Consequences of Complement Activation – Effector Functions

The MAC and other complement by-products formed during activation of various pathways augments the immune response in many ways as follows. These are known as effector functions of complement products.

1. Cell lysis by MAC

MAC damages cell membrane by making pores or channels in it and allowing the free passage of various ions and water in to the cell. This ultimately leads to cell death. Bacteria, enveloped viruses, irreversibly damaged cells, cancerous cells etc are killed by this mechanism commonly referred to as complement mediated cell lysis.

Gram positive bacteria, which are protected by their thick peptidoglycan layer, bacteria with a capsule or slime layer around their cell wall, or non-enveloped viruses are less susceptible to lysis.

2. Inflammatory Response

C3a, C4a and C5a are called anaphylotoxins. They bind to receptors on mast cells and induce its degranulation leaing to release of histamine and other pharmacologically active mediators of inflammation. They cause vasoconstriction and increase in vascular permeability. Along with the C5b67, they also induce the migration of neutrophils and monocytes to the site of complement activation. This leads to an inflammatory response which is a local protective response.

3. Opsonization

C3b and C4b act as major opsonins that coat the immune complexes and particulate antigen. Phagotytic cells express receptors (CR1, CR3 and CR4) for complement components (C3b, C4b etc.) and are able to bind the complement coated antigen and enhance its phagocytosis. C5a augments this process by enhancing the CR1 expression on phagocytes by 10 folds.

4. Viral Neutralization.

Complement plays a very important role in viral neutralization in many ways:

  • Most viral particles bind to their serum antibody and form particulate immune complex which stimulates the classical pathway. Many viruses are also capable of activating the alternative and lactin pathway in the absence of antibody. So, the MAC is able to destroy the viruses.
  • C3b helps in the formation of viral aggregates by acting as opsonin and thus decrease the net number of infective viral particles. This effect is enhanced in the presence of serum antibody.
  • Complement products also coat the viral particles. This coating neutralizes the viral infectivity by blocking its attachment to target cell and enhancing its phagocytosis by macrophages through complement.
  • Complement cytolyse most enveloped viruses causing fragmentation and disintegration.
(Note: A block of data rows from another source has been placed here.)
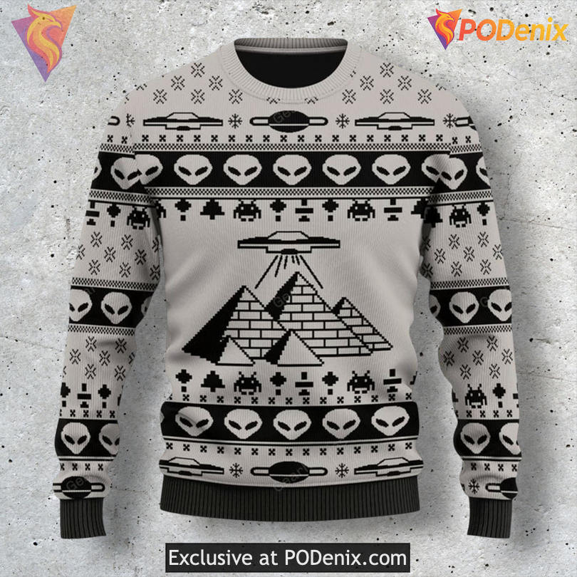 Explore Sci Fi Themed Alien Holiday Apparel with UFO Pyramid Designs
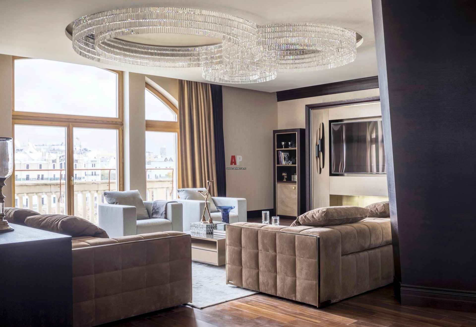 Ядро квартиры – опейн спейс площадью 100 кв. м. Светильник, Preciosa Lighting. Диван, Visionnaire. Журнальные столики, кресла, Fendi.
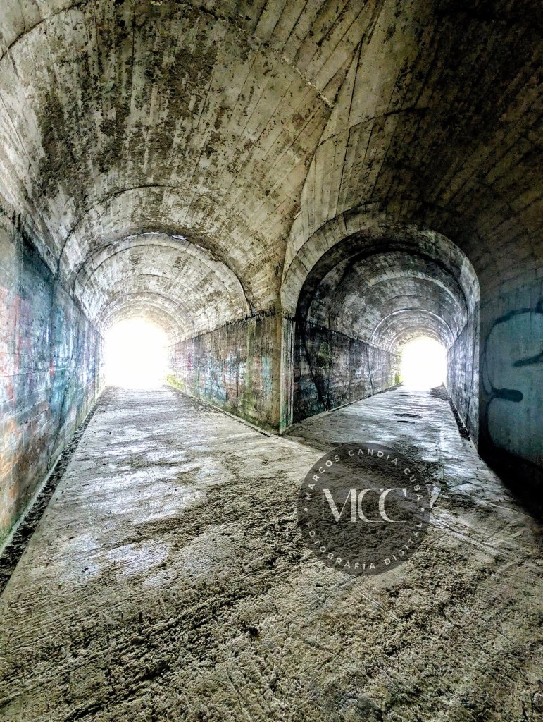 Cunha entrada e dúas saídas (as que se ven na imaxe), sobre os cantís do bravo mar atlántico. Estos túneles corresponden a unha instalación militar, agora abandonada, construida nos anos 20 do século XX. A súa misión era a defensa da costa galega duranta aquelas épocas convulsas. Nestes túneles subterráneos tentábase a localización de enemigos a través da utilización de grandes proxectores de luz sobre o mar. Preto deste punto, a 3 km dirección sureste atoparemos tamén unha serie de baterías de defensa.
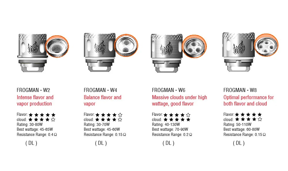Сменные катушки VAPTIO Frogman предназначены для использования с баком VAPTIO Frogman Sub-Ohm. Амфибия катушки приходят в семь видов: 0,4 Ом W2 катушки, 0,15 Ом W4 катушки, 0,2 Ом W6 катушки, 0,15 Ом W8 катушки, 0,25 Ом X2 катушки, 0,2 Ом M1 Благодаря комбинации звуковых катушек из 0,2 Ом T1 катушки. Одна упаковка из 5 шт.
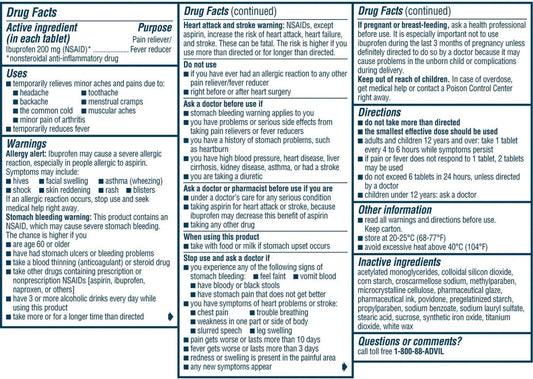 Advil Coated Tablets: Pain Reliever & Fever Reducer - Ibuprofen 200mg - Fast-Acting Relief for Aches and Fevers
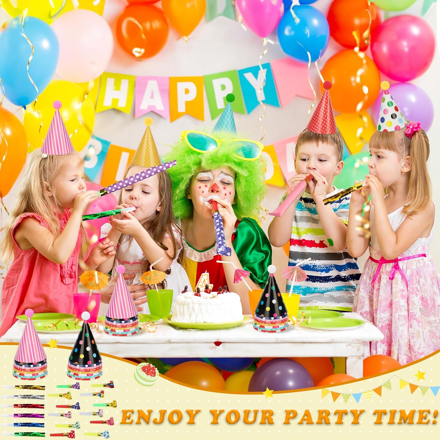 116 PCS Birthday Party Cone Hats Assorted Colors Cone Paper Hat with Colorful Blowers and Metallic Fringed Noise Makers Blowouts for Kids Adults Birthday Baby Shower Party Supplies
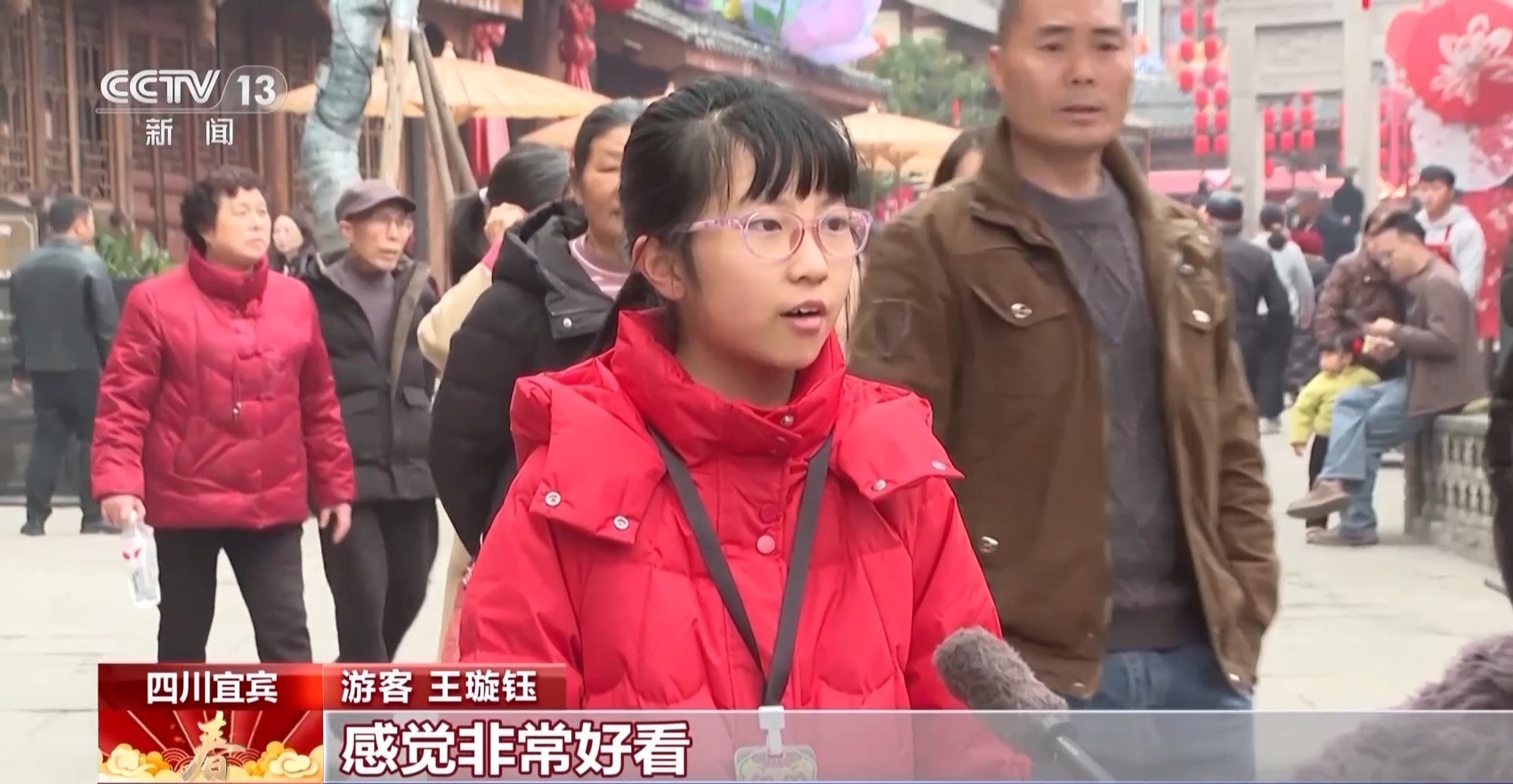 游客 孙艳:非常开心,现场张灯结彩,年味十足,非常漂亮。

5. Solublization of Immune Complex

C3b plays an important role in removing immune complex from the blood. its binding to complexes facilitates their binding to CR1 on RBCs. Though CR1 are present in higher number is granulocytes than the RBCs, but because of much larger number of RBCs than granulocytes in blood, RBCs account for the 90% of the total CR1 in blood. Immune complexes bound to the RBCs are taken to liver and spleen where they are phagocytoed after seperation from RBCs.